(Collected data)
*** Block opens ***

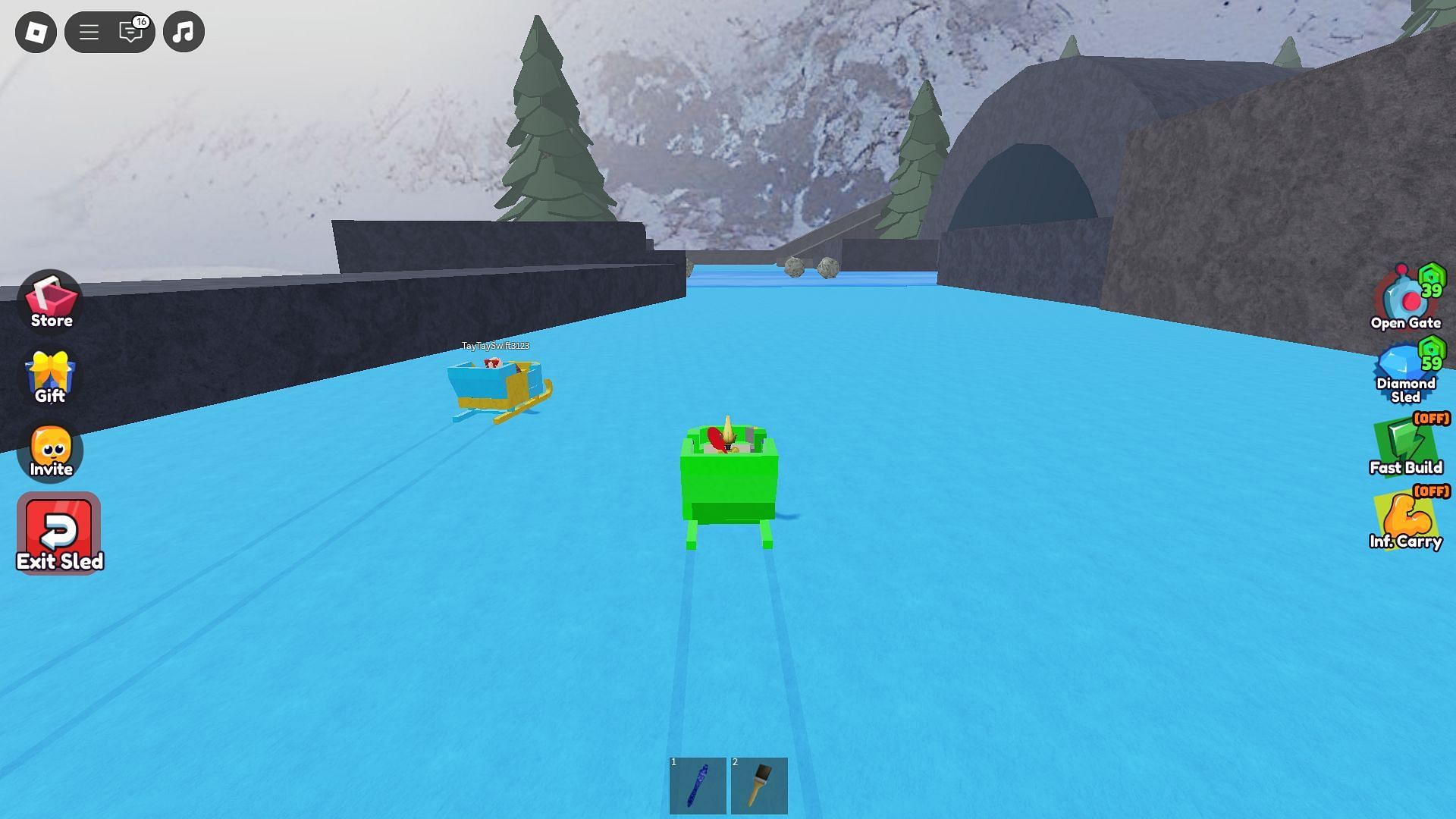 After launching this Roblox title, you will spawn in an area with multiple players. You can find a slope heading downwards just opposite of the spawn point. While this is the track you have to navigate through, your first order of business is to build a sled.
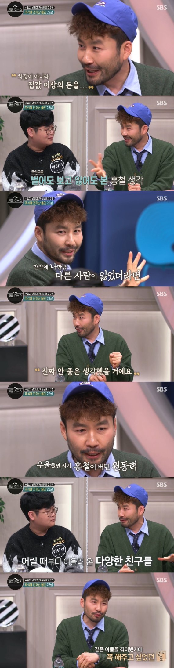 이를 들은 노홍철도 "조심스럽지만 저는 찻값이 아니라 집값 이상의 돈을 벌었다가 날려봤다"고 고백해 눈길을 끌었다. 이어 그는 "만약 이 돈을 다른 사람이 잃었더라면 진짜 안 좋은 생각을 했을 것"이라며 "저도 재기를 못 한다 생각해서 삶을 비관했는데 다행스럽게도 그 나이대 다양한 친구들을 많이 만나고 다양한 경험을 많이 했다, 그 나이에 필요한 경험이 있고 소통에서 얻어지는 에너지가 있더라"고 털어놨다.
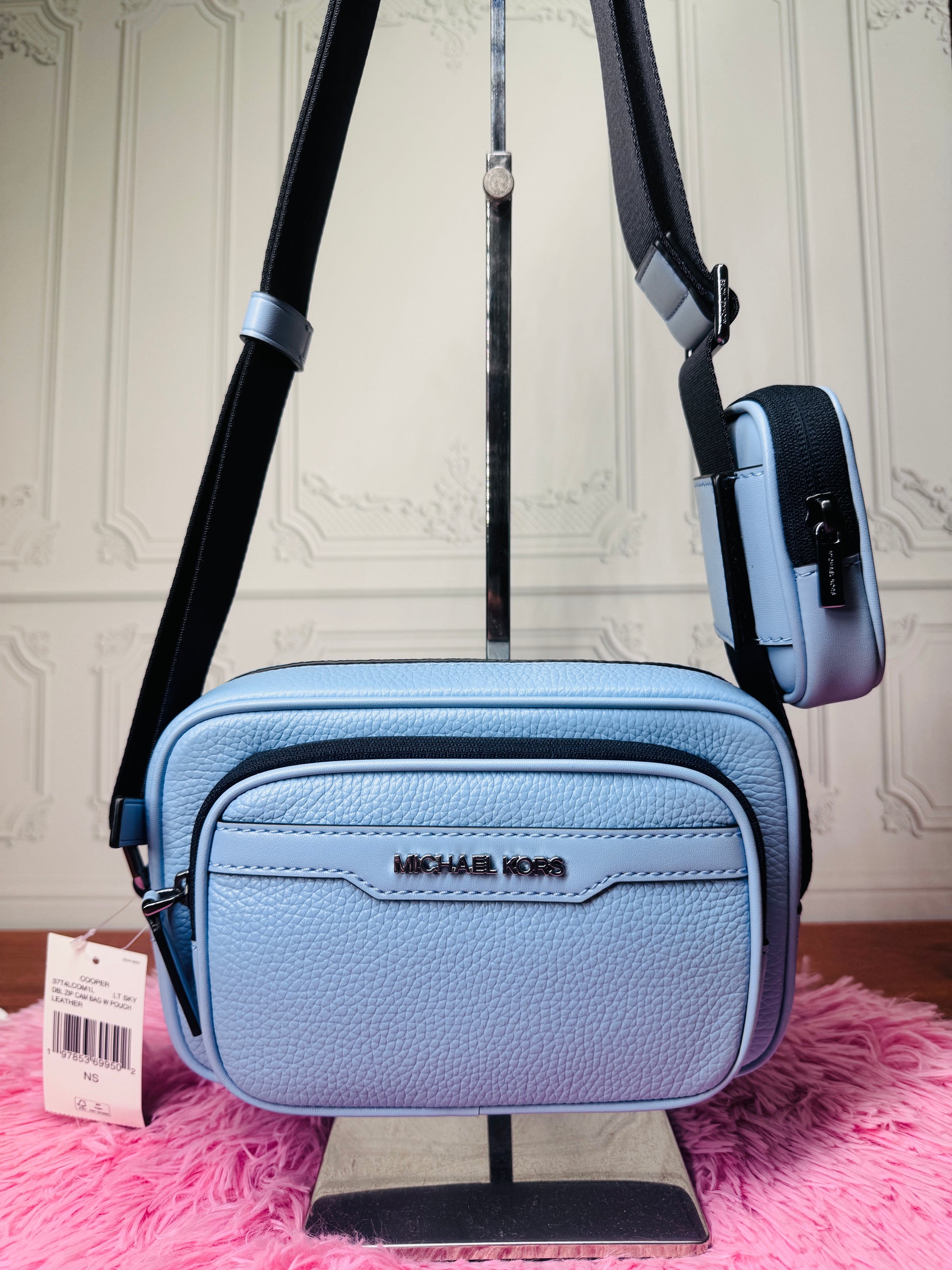 Bandolera Michael Kors mediana para caballero color celeste.
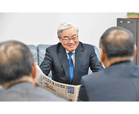 福井市長選で四選を果たした東村新一氏(67)は投開票から一夜明けた十六日、福井市の日刊県民福井を訪れ、阿部和久社長らに抱負を語った。教育環境の整備に一層力を入れる考えを示し、発信力を強化することで移住を促して人口減少に歯止めをかけると意気込んだ。(鈴木啓太、山本洋児)
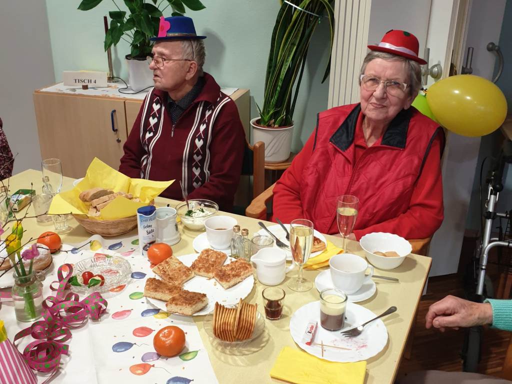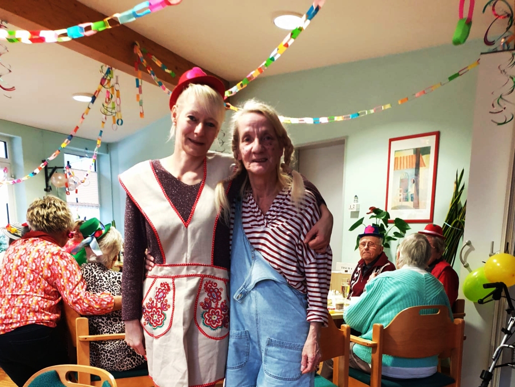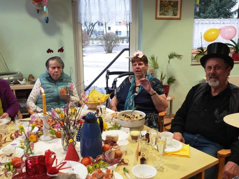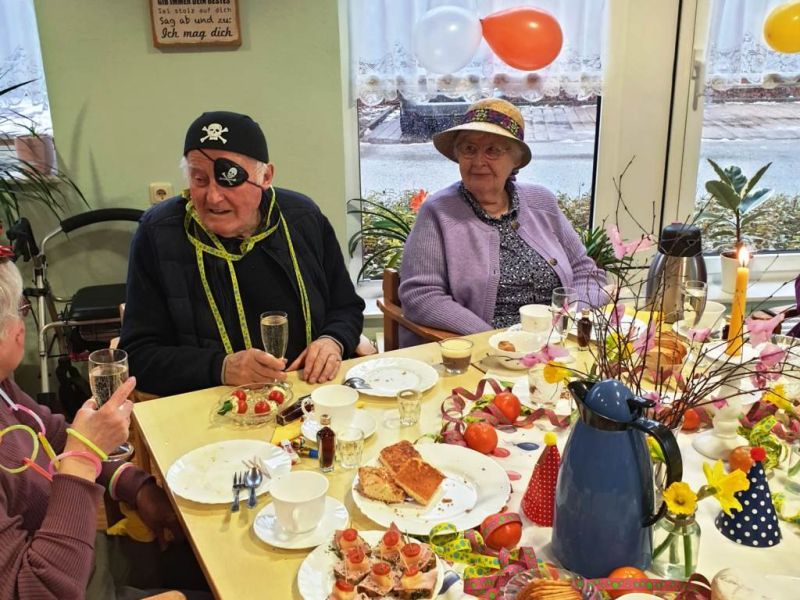 Viele Bewohnerinnen und Bewohner feierten gemeinsam bei toller Stimmung. Mit Pfannkuchen, selbstgebackenem Kuchen sowie Saft, Sekt und anderen Getränken war für das leibliche Wohl bestens gesorgt. Es wurde angestoßen, erzählt, gelacht und gemeinsam gefeiert. Bunt dekorierte Tische, spaßige Faschingshüte und kreative Kostüme sorgten für viele lachende Gesichter – ein rundum gelungener Nachmittag!
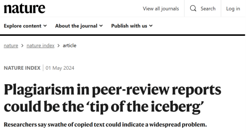 2024年5月1日,Nature杂志发表了一项研究,揭露了一个令人不安的事实:不负责任、抄袭成风的同行评审意见已变得随处可见。

*** Block closes ***

■ **WORK TASK**: Set down every entry above exactly as written. Leave out all pictures.

■ **ANSWER BOX**:
 After launching this Roblox title, you will spawn in an area with multiple players. You can find a slope heading downwards just opposite of the spawn point. While this is the track you have to navigate through, your first order of business is to build a sled.
 이를 들은 노홍철도 "조심스럽지만 저는 찻값이 아니라 집값 이상의 돈을 벌었다가 날려봤다"고 고백해 눈길을 끌었다. 이어 그는 "만약 이 돈을 다른 사람이 잃었더라면 진짜 안 좋은 생각을 했을 것"이라며 "저도 재기를 못 한다 생각해서 삶을 비관했는데 다행스럽게도 그 나이대 다양한 친구들을 많이 만나고 다양한 경험을 많이 했다, 그 나이에 필요한 경험이 있고 소통에서 얻어지는 에너지가 있더라"고 털어놨다.
 Bandolera Michael Kors mediana para caballero color celeste.
 福井市長選で四選を果たした東村新一氏(67)は投開票から一夜明けた十六日、福井市の日刊県民福井を訪れ、阿部和久社長らに抱負を語った。教育環境の整備に一層力を入れる考えを示し、発信力を強化することで移住を促して人口減少に歯止めをかけると意気込んだ。(鈴木啓太、山本洋児)
 Viele Bewohnerinnen und Bewohner feierten gemeinsam bei toller Stimmung. Mit Pfannkuchen, selbstgebackenem Kuchen sowie Saft, Sekt und anderen Getränken war für das leibliche Wohl bestens gesorgt. Es wurde angestoßen, erzählt, gelacht und gemeinsam gefeiert. Bunt dekorierte Tische, spaßige Faschingshüte und kreative Kostüme sorgten für viele lachende Gesichter – ein rundum gelungener Nachmittag!
 2024年5月1日,Nature杂志发表了一项研究,揭露了一个令人不安的事实:不负责任、抄袭成风的同行评审意见已变得随处可见。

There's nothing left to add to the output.